I couldn’t imagine what I’d have in common with someone who had spent the past four decades in a convent. But I kept thinking about nuns, and reading about them. In 2012, as working nuns were becoming the quiet heroes of a crumbling church — advocating same-sex marriage and contraception, even as the Vatican continued to dismiss both as sinful — I wrote to Mother Lucia.
She invited me to come for a parlor, a conversation held through a wooden grille. We talked for two hours. I learned that she was a lover of Shakespeare with a Ph.D. in English literature from Yale, who had first visited the abbey seeking peace, community, social justice. I liked her instantly and admired her. Before we parted ways, she invited me to return for several nights.
During my stay, we followed the Benedictine motto “Ora et labora,” pray and work. Because the nuns are meant to be silent for most of the day, they can’t always communicate with visitors directly, but they find their ways, slipping guests notes after Mass. Often the plan for the particular work of the day is communicated to a guest by a tiny note slipped into her hand.
When you work with the nuns, they talk. I gardened with an older nun as we discussed the fate of bees and the films of Judi Dench. I rode around on a John Deere Gator with a nun in her early 30s who wore a novice’s white veil, as well as a nose ring. She wanted to join the abbey as soon as she graduated from college, but hers was a modern hindrance — a cloistered nun cannot have debt, and she had student loans to repay.
The abbey’s inhabitants include a former movie star, politicians, businesswomen, artists of all kinds. Some came in reaction to a moment in time that defied understanding — the assassinations of John F. Kennedy and the Rev. Dr. Martin Luther King Jr., the Vietnam War, the acquittal of the police officers who killed Amadou Diallo.
Right now feels like one of those moments to me. And so I sometimes dream of throwing off the trappings of our troubled world and joining them. The fantasy is not strictly female. With each horrifying news story lately, my husband has taken to asking, “Is it time for the abbey?” We talk about living in the (nonexistent) caretaker’s cottage, raising our son up in fresh air, far from the evils of corrupt politicians and Pornhub.
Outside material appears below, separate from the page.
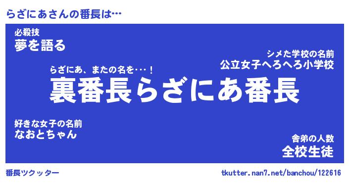 | 意味不明あだ名 | 『ペロリンらざにあ』『永久保存らざにあ』 |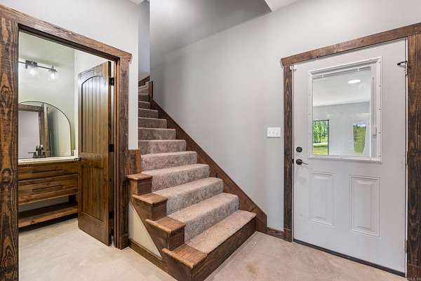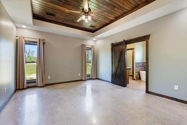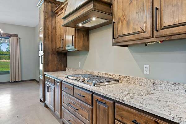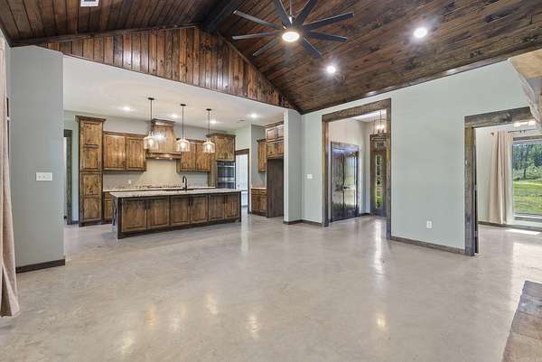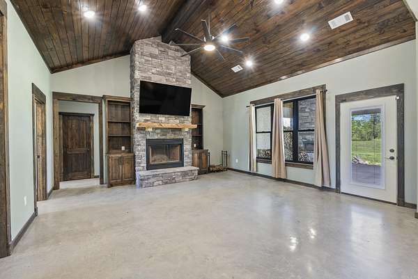 This beautiful custom home sits on just over 17 acres of land. This home is approx 2800 sq ft, and features 4 bedrooms, 2.5 bathrooms, and an office. Inside it has a wonderful open floor plan, with a beautiful wood burning fireplace in the living room. The kitchen has a gas cooktop, double ovens, granite countertops, an oversized island, and a large pantry. The primary suite has a walk in closet that you can access off the bath or by walking through the laundry area. The closet also has a center island wardrobe. Downstairs there's 3 bedrooms, and a dedicated office space. Upstairs there is a bonus room. Outside you will find a spacious back porch with another wood burning fireplace. In the back yard there is a fenced in area, with a building that was used as a dog kennel. This home is wired for a generator, has spray foam insulation, a gas tankless hot water heater, and gas heat.

It’s Christmastime again, and I feel the longing most acutely now. At the abbey, even the smallest act is considered an act of devotion, so that every dish washed or loaf of bread baked takes on heightened importance. I couldn’t have understood this as a kid, arguing with the parish priest. But I see it now. There is something powerful about being in the presence of faith when you yourself are doubting.